[Start of Attachment]

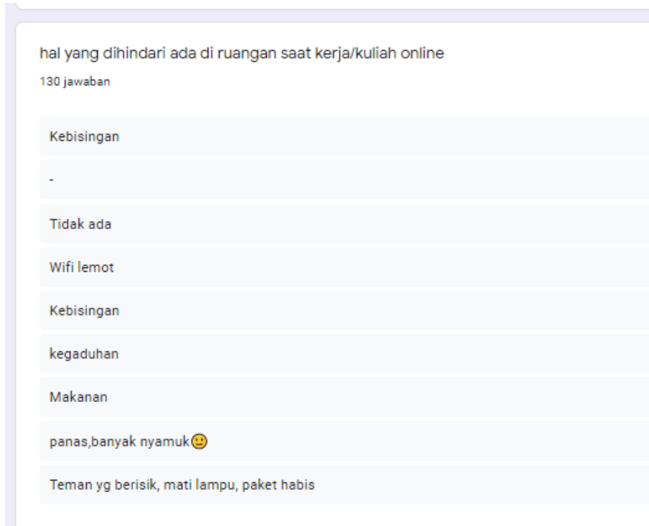
Fig. 6. The disturbance.

After the preferences were shown before, some disturbances were collected in figure 6. The main problems for doing Work/Learn from Home is noise or audio disturbance. There is a correlation between the vocal intensity of the teachers and the noise in the classroom. The vocal intensity measures also relate to the symptoms of vocal tract discomfort before and after classes [28]. People need to be concentrated or focused during their tasks. Some noise may distract them and make the place not comfortable anymore. Therefore, the place must be far from audio disturbances. There are also other problems, such as internet connections, food, and electricity problems that make problems on their work/study from home.
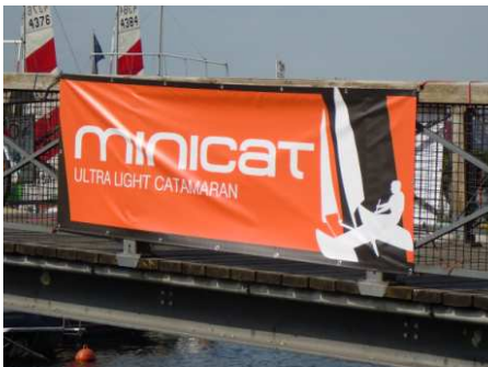
10508 Banner MiniCat
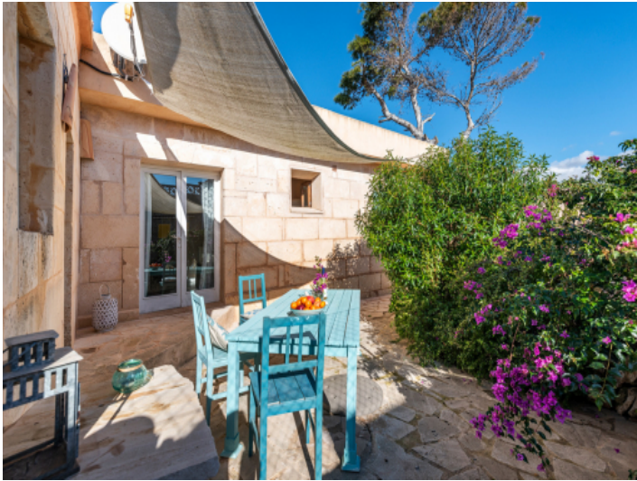
Charming terrace wit seating area
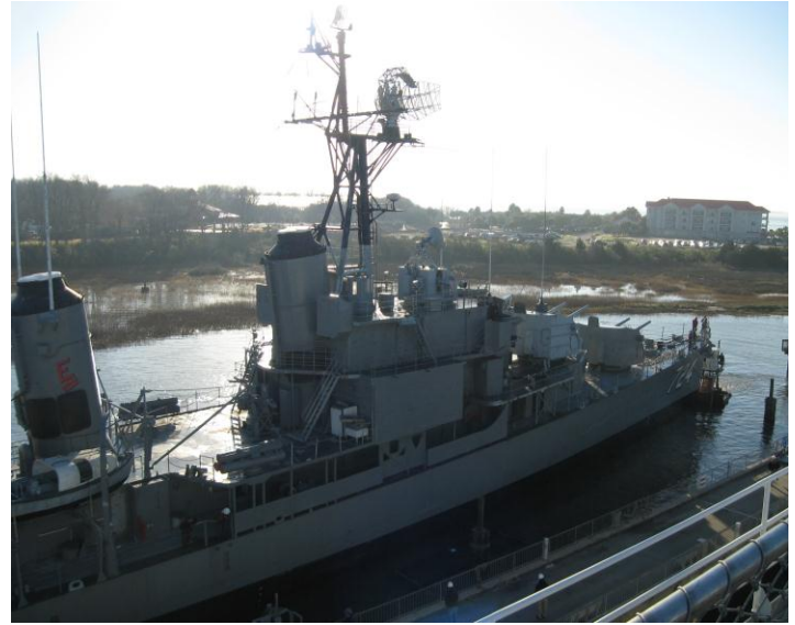
OK Now...Let's get those line handlers ready
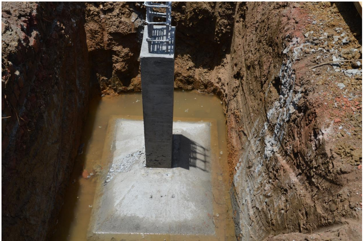
CASTING OF FOUNDATION
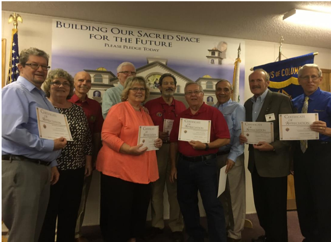
Volunteers recognized for delivering food collected at OLA to 'Food for Families'.
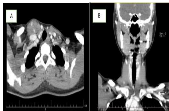
Fig 1: Axial (A) and coronal (B) CT images show heterogeneous enhancing solid mass measured 40×25×20 mm infiltrating the most distal part of the right sternocleidomastoid muscle in the base of the neck containing mottled hyperemic foci.

FNA repeated, which was bloody. According to the findings, the decision was made to perform surgery. The surgical dissection showed a thrombosed vascular mass of the supraclavicular region originating in the sternocleidomastoid muscle (Figure. 2).
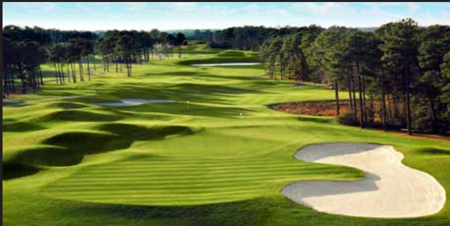
9 HOLE ORGANIC GOLF COURSE
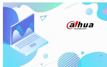
NIC-EVS71-10G OCH Nonstandard Network Card Module
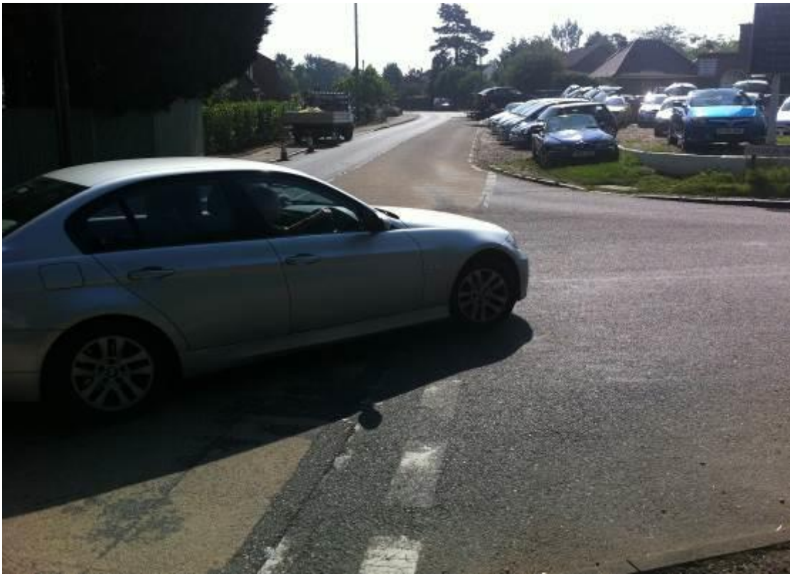
Photo 3 – Motorists cutting corner of the junction as they turn right into Common Road.

5.4 It was observed that numerous motorists appear to cut the corner of the opposing lane as they turn right into Common Road from B181 Epping Road. Whilst there doesn't appear to be any collisions recorded attributed to this movement it is possible that such movements could have led to some of the nose to tail type collisions that have been recorded on the Common Road approach to the give way lines.
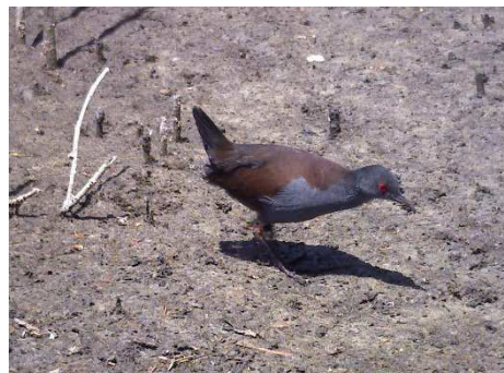
Spotless Crake

If you spot any of the species on our “rare” species list in fringing habitats around Lakes Alexandrina/Albert and their tributaries (Currency Ck, Finniss River, Tookayerta Ck) between Sept 2012 and Jan 2013. Please describe the location and habitat where you saw the bird if possible (i.e. Lewin’s Rail sighted emerging from Phragmites reedbeds at Tolderol Game Reserve).
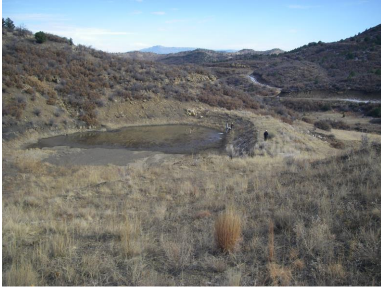
Pond 7 – NECC staff looking at spillway
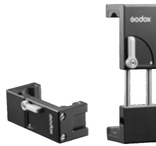
MTH03 Metal Smartphone Clip
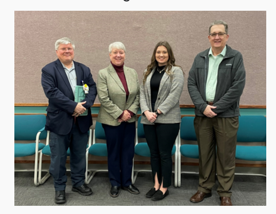
SULLIVAN COUNTY REGIONAL HEALTH DEPARTMENT

public the larger health department in Tennessee, the Sullivan County Regional Health <u>Department</u> to support them in their journey to move from trauma aware to trauma competent. At our celebration event this past spring, local media attended, resulting in my health department friends making the front page of the newspaper the next day sharing their outstanding achievements.
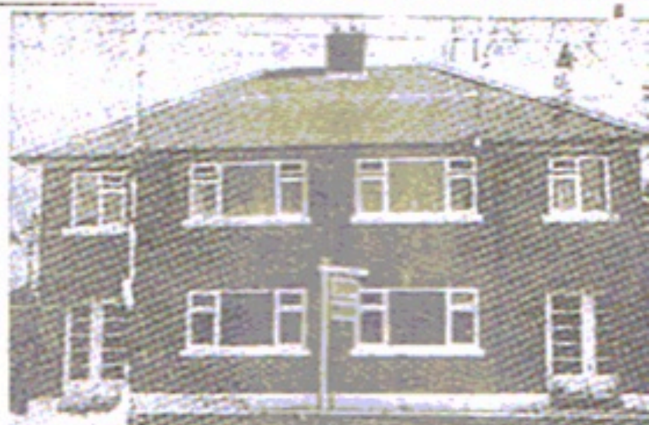
BELFIELD PARK ESTATE, DRUMCONDRA

Remember, we have not allowed the heavily increased costs of materials, wages and transport to alter the prices of these houses – which were fixed some years ago. With the added attraction of a free cooker – or its equivalent value – a home at Belfield Park is a home investment that is un-challenged for value in Ireland to-day.
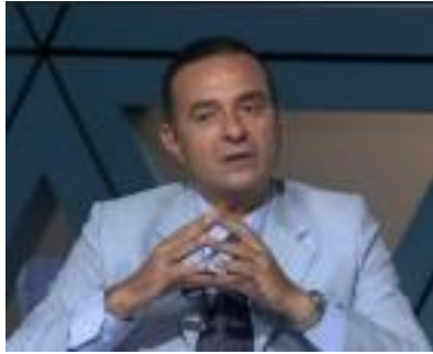
Dr Wafik Noseir

Member of world congress for Environment Egypt
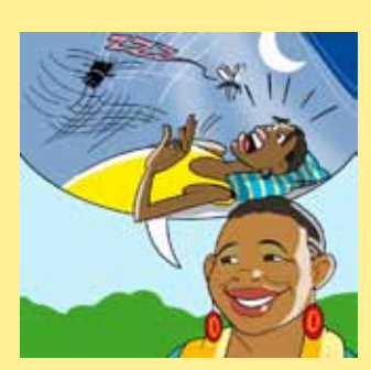
Now you have a torn net! mosquitoes will get
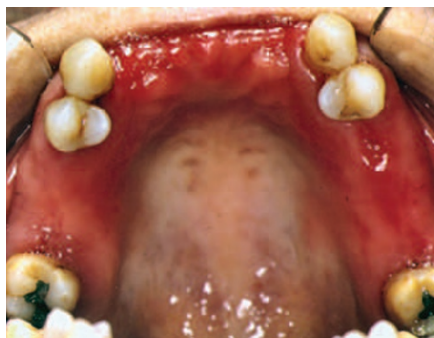
Fig. 11 Removal of the denture shown in Fig. 10 reveals that poor oral and denture hygiene have resulted in inflamed gingival and palatal tissues

periodontal probing depths and gains in clinical attachment in response to periodontal therapy, due to the lesser resistance to probing offered by periodontal tissues surrounding mobile teeth. In instances of very advanced periodontal destruction resulting from periodontitis, increased (or even normal) occlusal forces may become tantamount to extraction forces leading to progressively increasing tooth mobility, with the surrounding tissues offering less and less resistance to periodontal probing. Hence, though not necessarily related to the progression of periodontal disease, occlusal adjustments of high restorations and of functionally overloaded teeth improve the 'occlusal comfort' of patients by distributing occlusal forces to include other teeth.
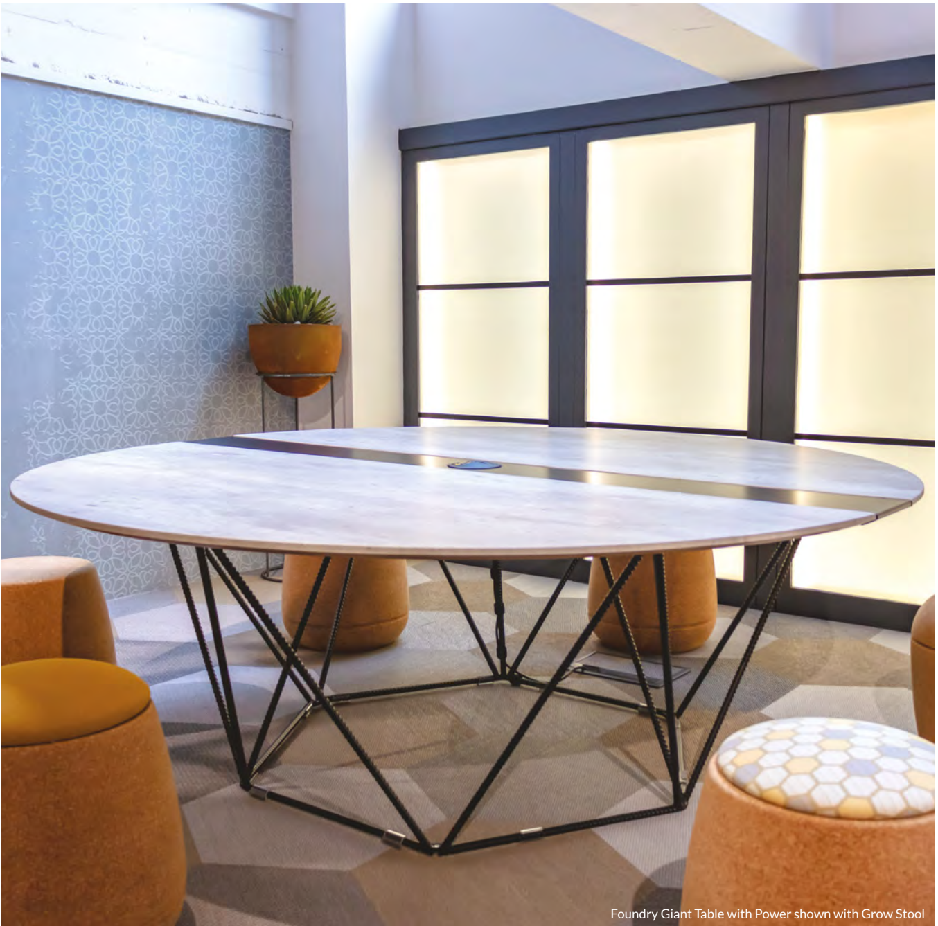
Foundry Giant Table with Power shown with Grow Stool
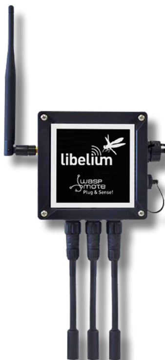
WASPMOTE PLUG & SENSE! WITH SENSOR PROBES
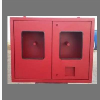
Fire Hose Box
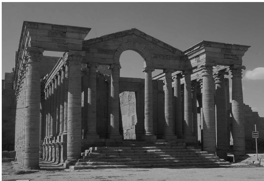
Fig. 2: Temple E in the eastern part of the temenos. (K. Jakubiak)

[End of Attachment]

Task brief: Please count the lines in the data that include the word "muscle" and report the number by itself.

Answer section: 2